Solarcycle, a new recycling company, officially launched today. The company based in Northern California was founded by industry pioneers, including Suvi Sharma (Solaria founder), Jesse Simons (National Program Director at the Sierra Club) and Pablo Dias (engineering lecturer at University of New South Wales).
“We’re proud to be leveraging the engineering and operational excellence we’ve learned from manufacturing modules and applying that to giga-scale PV recycling,” said Sharma, Solarcycle’s co-founder and CEO. “In doing so, we’re bolstering a circular economy that reuses existing domestic materials and minerals, and enhances the entire solar supply chain.”

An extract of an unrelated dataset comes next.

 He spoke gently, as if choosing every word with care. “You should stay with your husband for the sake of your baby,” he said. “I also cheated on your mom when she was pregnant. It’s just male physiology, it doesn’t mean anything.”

Solarcycle is launching its operations with residential solar provider Sunrun. Solarcycle will use second-life panels from Sunrun to innovate and develop new ways to test, reuse and upcycle retired solar panels in Sunrun’s project portfolio. This partnership will pave the way for a scalable solution that will be available to the entire industry by year’s end.

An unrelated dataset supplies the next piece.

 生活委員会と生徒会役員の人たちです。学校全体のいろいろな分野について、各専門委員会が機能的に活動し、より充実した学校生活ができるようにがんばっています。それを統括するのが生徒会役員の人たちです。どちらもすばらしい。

“As Sunrun deploys PV systems at the scale needed to confront the climate crisis, we’ve embraced the responsibility and opportunity of managing the full lifecycle of our hardware,” said Mary Powell, CEO of Sunrun. “We are committed to sustainable end-of-life processes and excited to partner with an innovative company that shares our vision and is dedicated to creating a circular supply chain for the solar industry.”

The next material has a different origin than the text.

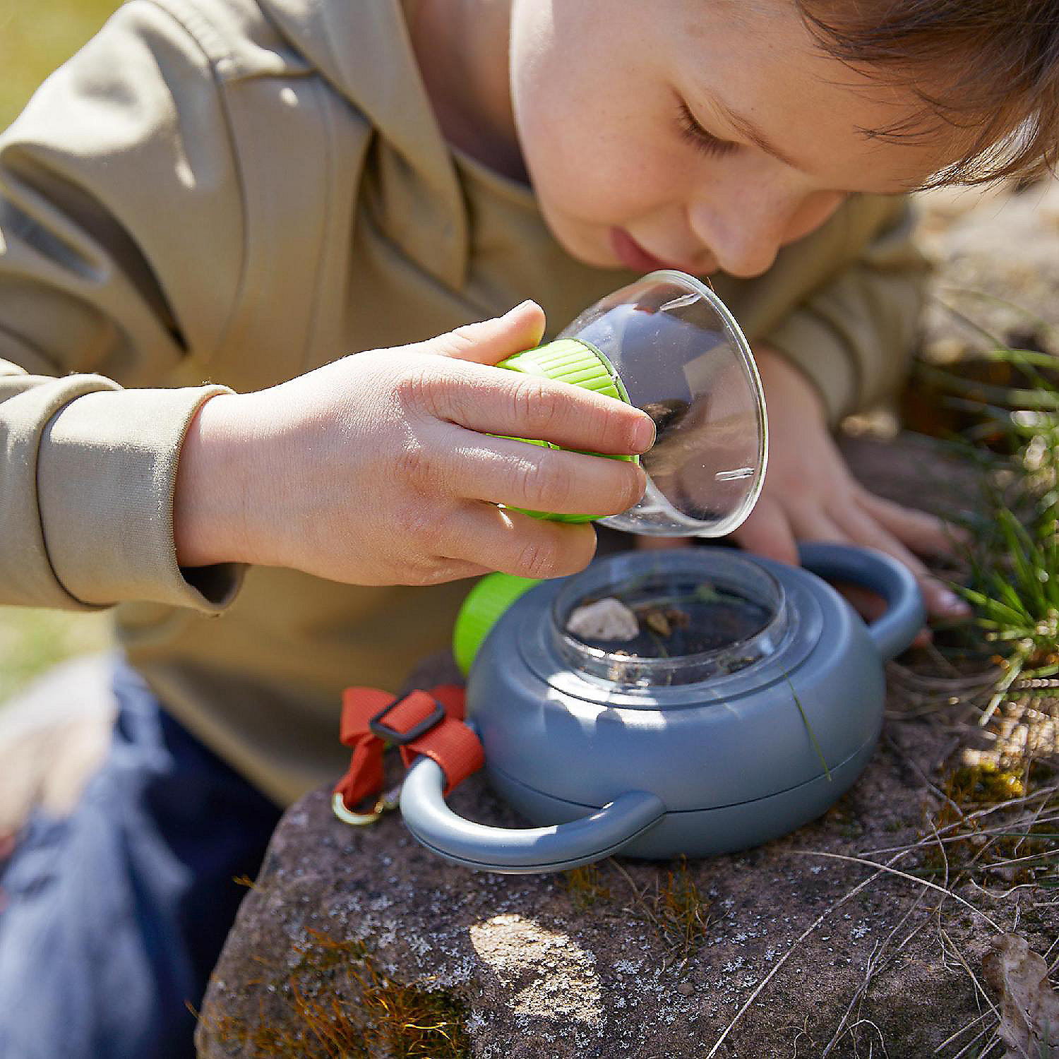 With this handy and ingenious magnifying viewer, young explorers can scrutinize beetles, spiders, snail shells, pebbles and other natural treasures from really close up. Includes nylon loop and aluminum snap link. Includes a plastic spider. Material: plastic.

“We have designed an advanced recycling solution that extracts the maximum value from every panel at the lowest possible cost. Our proprietary processes allow us to recover more than 95% of the vital materials needed for the rapid transition toward 100% clean energy – including silicon, silver, copper and aluminum. By vertically integrating our operations into a factory that can process gigawatts of solar annually, we can radically reduce costs and the climate impacts of the recycling process,” said Pablo Dias, co-founder and CTO of Solarcycle, who has extensive experience in e-waste and solar recycling.